Records from a dataset
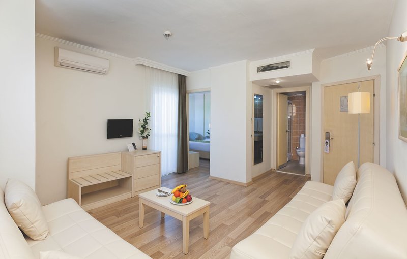 Familiensuite: Verfügen bei ansonsten ebenfalls gleicher Ausstattung über ein Schlafzimmer mit Doppelbett und einen Wohn-/Schlafraum mit zwei Klappsofas und Verbindungstür sowie Balkon und Poolblick (2FS).
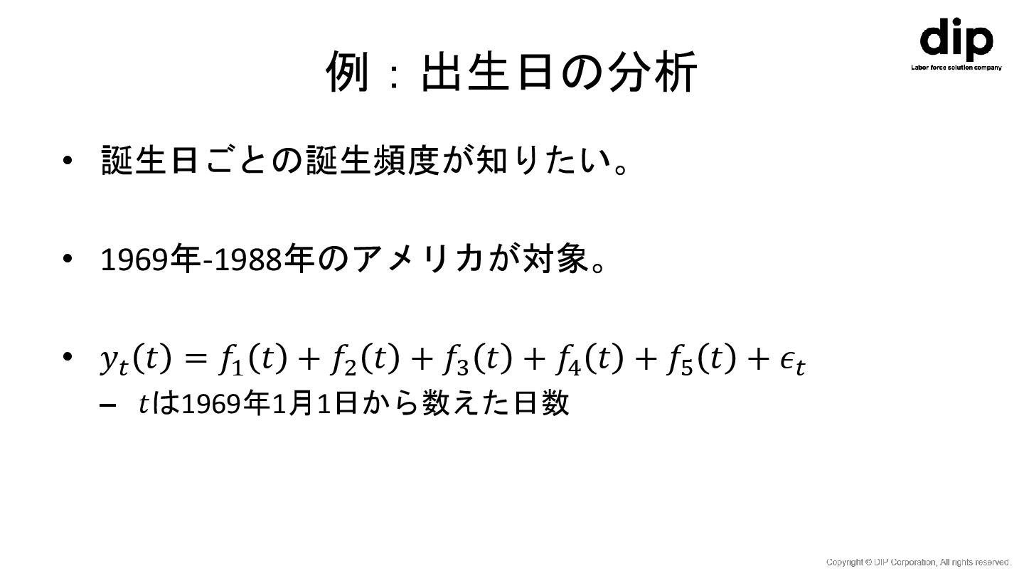 例:出生日の分析 • 誕生日ごとの誕生頻度が知りたい。 • 1969年-1988年のアメリカが対象。 • 𝑦𝑡 𝑡 = 𝑓1
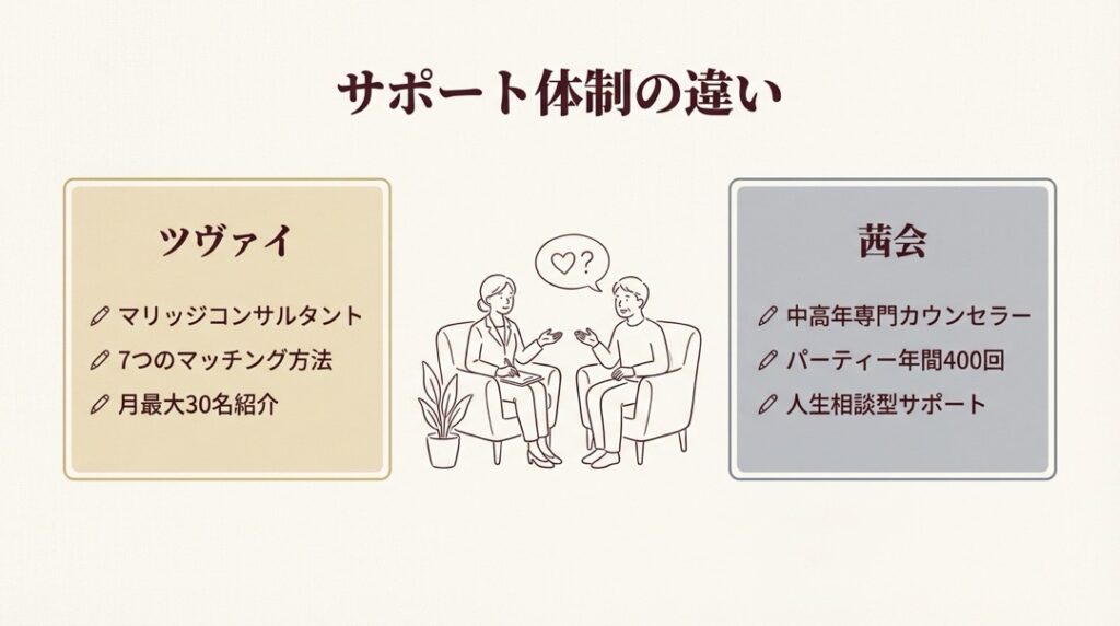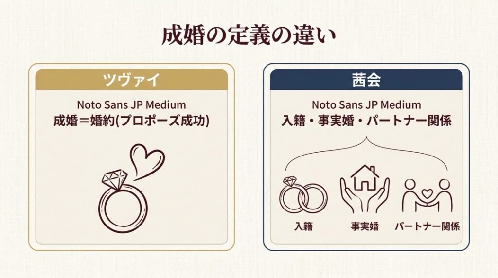両社の最も大きな違いは「ターゲット年齢層」と「成婚の定義」です。ツヴァイは20代後半〜50代まで幅広い年齢層をカバーし、成婚=婚約(プロポーズ成功)と定義しています。茜会は40代以上の中高年・シニアに特化しており、入籍だけでなく事実婚やパートナーシップも「成婚」として認めています。
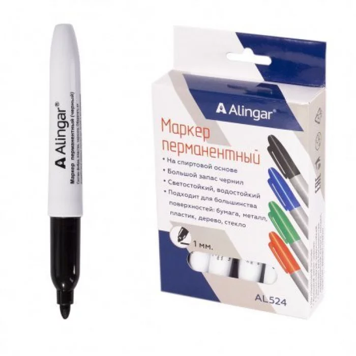Маркер перманентный, черный, Alingar, утолщенный пулевидный, 3 мм AL524
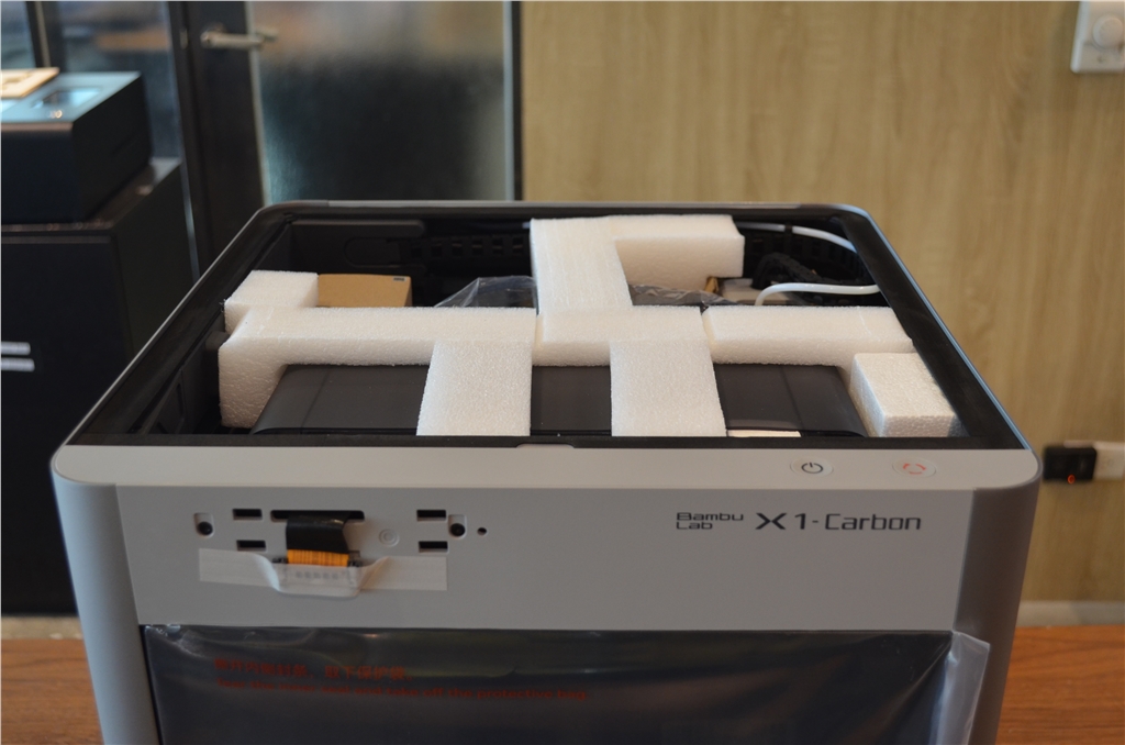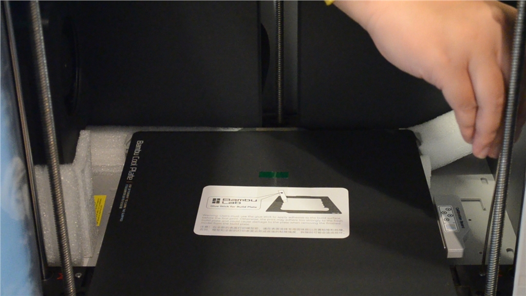 打開玻璃門,下方有紅色箭頭,兩個螺絲需要先轉(zhuǎn)開。AMS就可以從上方取出。撕下列印頭的保護(hù)紙板,取出線材清洗槽的泡棉。
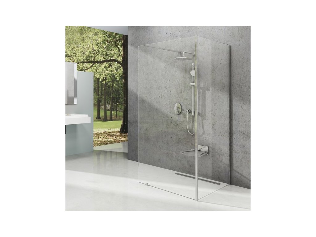 Ke sprchování podle svých představ potřebujete jen dvě skleněné stěny a elegantní kovovou vzpěru. Velikosti stěn z bezpečnostního skla lze namodelovat podle požadavků konkrétní koupelny. Díky usazení přímo na podlahu vzniká prostorný a bezbariérový sprchovací prostor na míru Vaší koupelně.
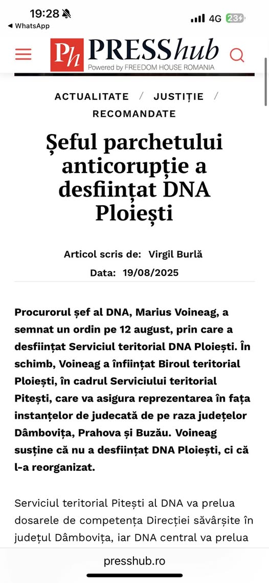 Șeful DNA a afirmat, pentru PressHub, că ”Acolo, de ani de zile, nu funcționau lucrurile. Procurorul pe care l-am trimis s-a pensionat imediat când a văzut ce e acolo. Oamenii nu vor să meargă la Ploiești. A fost reorganizare, cum a fost și la Târgu Mureș. Acolo unde s-au făcut reorganizări, lucrurile au funcționat. Cum a fost la Constanța, de exemplu”, potrivit Știri pe surse.ro.
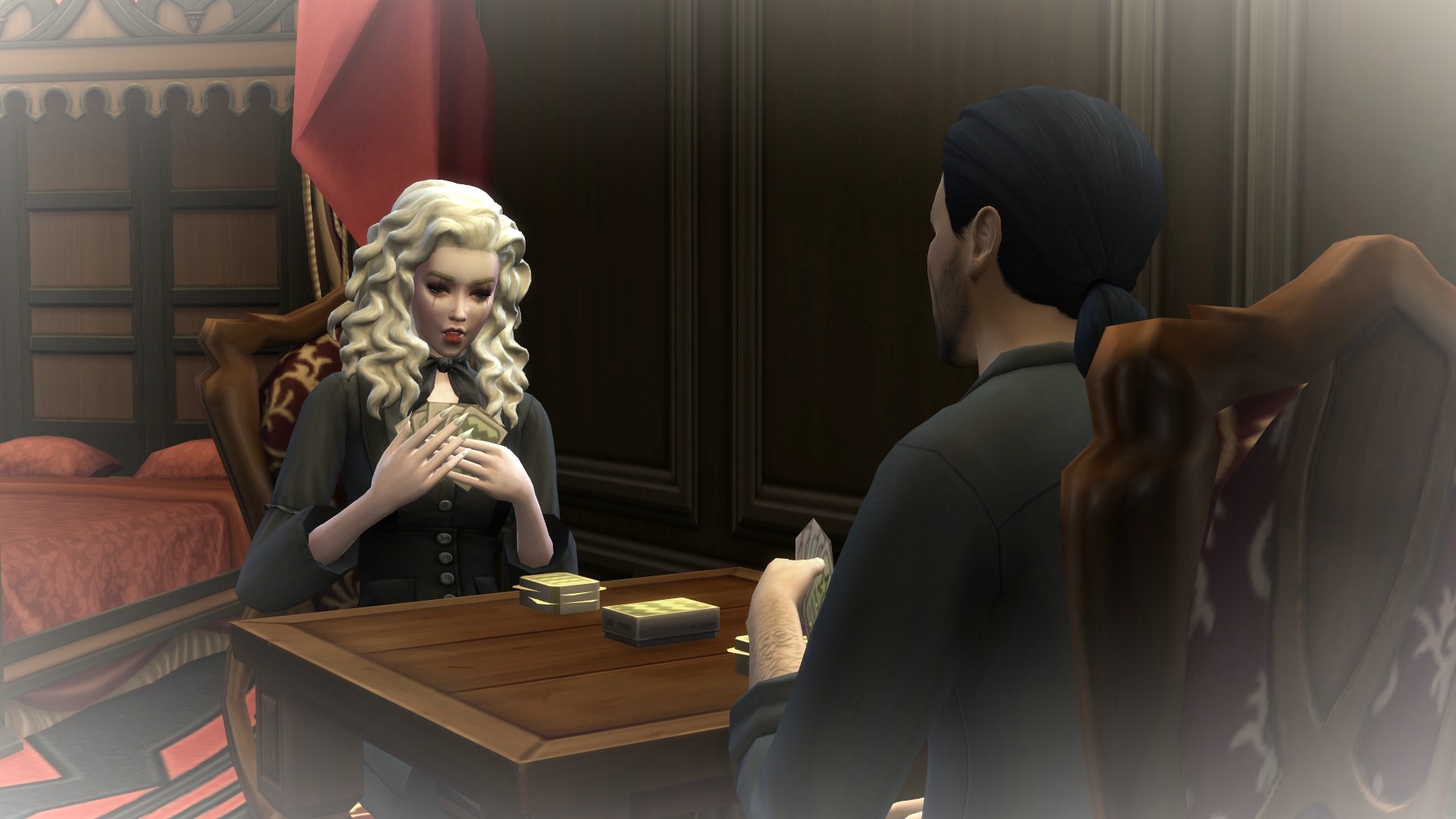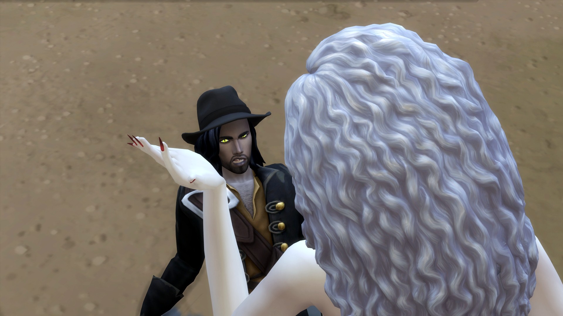 Kitty’s eyelid twitched “Oh! can you go five minutes without talking about that traitorous wench? I would sooner eat the woman than befriend her!” she composed herself. “Yes, Caleb is also my guest. My esteemed guest. A pure rogue free at last to pursue his interests and true nature, far from the noose of his sister,” Kitty laughed and tossed her hair. “He is a fine vampire – at least he shall be – but naturally his company is… lacking.”
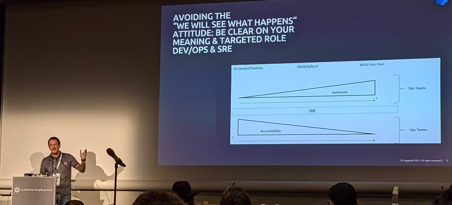 Sans jamais le citer, je pense qu’il voulait parler des principes de devops mais je n’ai pas insisté ;-).
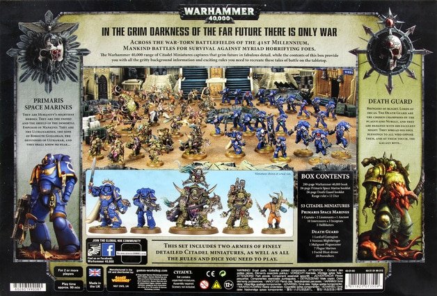 Warhammer 40,000 8th edition kicks off with a bang with this fantastic value boxed set! Inside you’ll find two armies of brand new miniatures, the Primaris Space Marines & Death Guard, the full hardback Warhammer 40,000 rulebook, dice, range rules and a complete set of datasheets for fielding both armies.
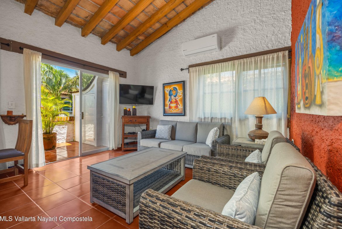 Descubre este encantador condominio de 1 habitacion y 1 bano, lleno de estilo mexicano, a solo una cuadra de la playa. Las puertas, ventanas y vigas de techo de madera de parota contribuyen a su caracter unico. El condominio se encuentra en un complejo pequeno y tranquilo ubicado en una calle de moda detras de ICON, en un vecindario tranquilo rodeado de tiendas de conveniencia, excelentes cafeterias, spas y mas. La ubicacion es inmejorable: a solo una cuadra de la playa, Chedraui, la Clinica Medica Sanmare y el Hospital San Javier. Este encantador condominio seria una excelente casa de vacaciones de invierno o una excelente oportunidad de inversion para alquileres. —
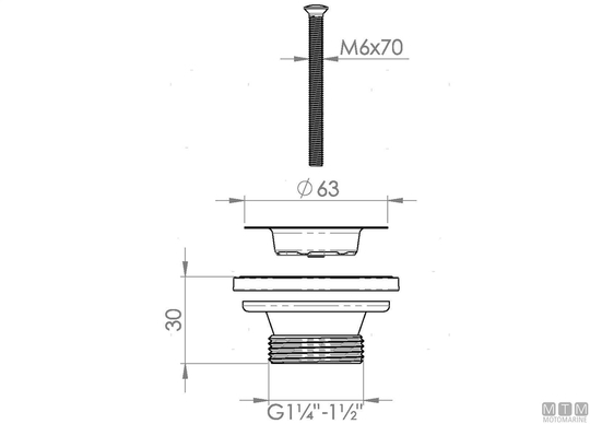 Ravni odtok umivalnika za umivalnik, tuš kadi, kokpit in servisne odtočnike. Z navojnim izpušnim izhodom, premer luknje od 39 56 mm.
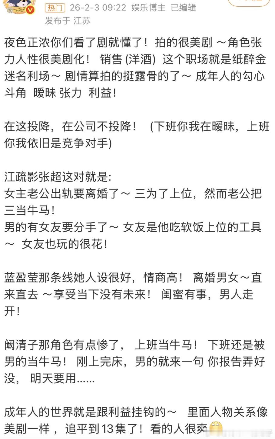 好久没看过品相这么浓的都市剧了被《夜色正浓》狠狠戳中了。原来最好的都市剧,是让你

What to work on: In repeating the entries, exclude the pictures and alter nothing else.

Result:
 Familiensuite: Verfügen bei ansonsten ebenfalls gleicher Ausstattung über ein Schlafzimmer mit Doppelbett und einen Wohn-/Schlafraum mit zwei Klappsofas und Verbindungstür sowie Balkon und Poolblick (2FS).
 例:出生日の分析 • 誕生日ごとの誕生頻度が知りたい。 • 1969年-1988年のアメリカが対象。 • 𝑦𝑡 𝑡 = 𝑓1
両社の最も大きな違いは「ターゲット年齢層」と「成婚の定義」です。ツヴァイは20代後半〜50代まで幅広い年齢層をカバーし、成婚=婚約(プロポーズ成功)と定義しています。茜会は40代以上の中高年・シニアに特化しており、入籍だけでなく事実婚やパートナーシップも「成婚」として認めています。
Маркер перманентный, черный, Alingar, утолщенный пулевидный, 3 мм AL524
 打開玻璃門,下方有紅色箭頭,兩個螺絲需要先轉(zhuǎn)開。AMS就可以從上方取出。撕下列印頭的保護(hù)紙板,取出線材清洗槽的泡棉。
 Ke sprchování podle svých představ potřebujete jen dvě skleněné stěny a elegantní kovovou vzpěru. Velikosti stěn z bezpečnostního skla lze namodelovat podle požadavků konkrétní koupelny. Díky usazení přímo na podlahu vzniká prostorný a bezbariérový sprchovací prostor na míru Vaší koupelně.
 Șeful DNA a afirmat, pentru PressHub, că ”Acolo, de ani de zile, nu funcționau lucrurile. Procurorul pe care l-am trimis s-a pensionat imediat când a văzut ce e acolo. Oamenii nu vor să meargă la Ploiești. A fost reorganizare, cum a fost și la Târgu Mureș. Acolo unde s-au făcut reorganizări, lucrurile au funcționat. Cum a fost la Constanța, de exemplu”, potrivit Știri pe surse.ro.
 Kitty’s eyelid twitched “Oh! can you go five minutes without talking about that traitorous wench? I would sooner eat the woman than befriend her!” she composed herself. “Yes, Caleb is also my guest. My esteemed guest. A pure rogue free at last to pursue his interests and true nature, far from the noose of his sister,” Kitty laughed and tossed her hair. “He is a fine vampire – at least he shall be – but naturally his company is… lacking.”
 Sans jamais le citer, je pense qu’il voulait parler des principes de devops mais je n’ai pas insisté ;-).
 Warhammer 40,000 8th edition kicks off with a bang with this fantastic value boxed set! Inside you’ll find two armies of brand new miniatures, the Primaris Space Marines & Death Guard, the full hardback Warhammer 40,000 rulebook, dice, range rules and a complete set of datasheets for fielding both armies.
 Descubre este encantador condominio de 1 habitacion y 1 bano, lleno de estilo mexicano, a solo una cuadra de la playa. Las puertas, ventanas y vigas de techo de madera de parota contribuyen a su caracter unico. El condominio se encuentra en un complejo pequeno y tranquilo ubicado en una calle de moda detras de ICON, en un vecindario tranquilo rodeado de tiendas de conveniencia, excelentes cafeterias, spas y mas. La ubicacion es inmejorable: a solo una cuadra de la playa, Chedraui, la Clinica Medica Sanmare y el Hospital San Javier. Este encantador condominio seria una excelente casa de vacaciones de invierno o una excelente oportunidad de inversion para alquileres. —
 Ravni odtok umivalnika za umivalnik, tuš kadi, kokpit in servisne odtočnike. Z navojnim izpušnim izhodom, premer luknje od 39 56 mm.
 好久没看过品相这么浓的都市剧了被《夜色正浓》狠狠戳中了。原来最好的都市剧,是让你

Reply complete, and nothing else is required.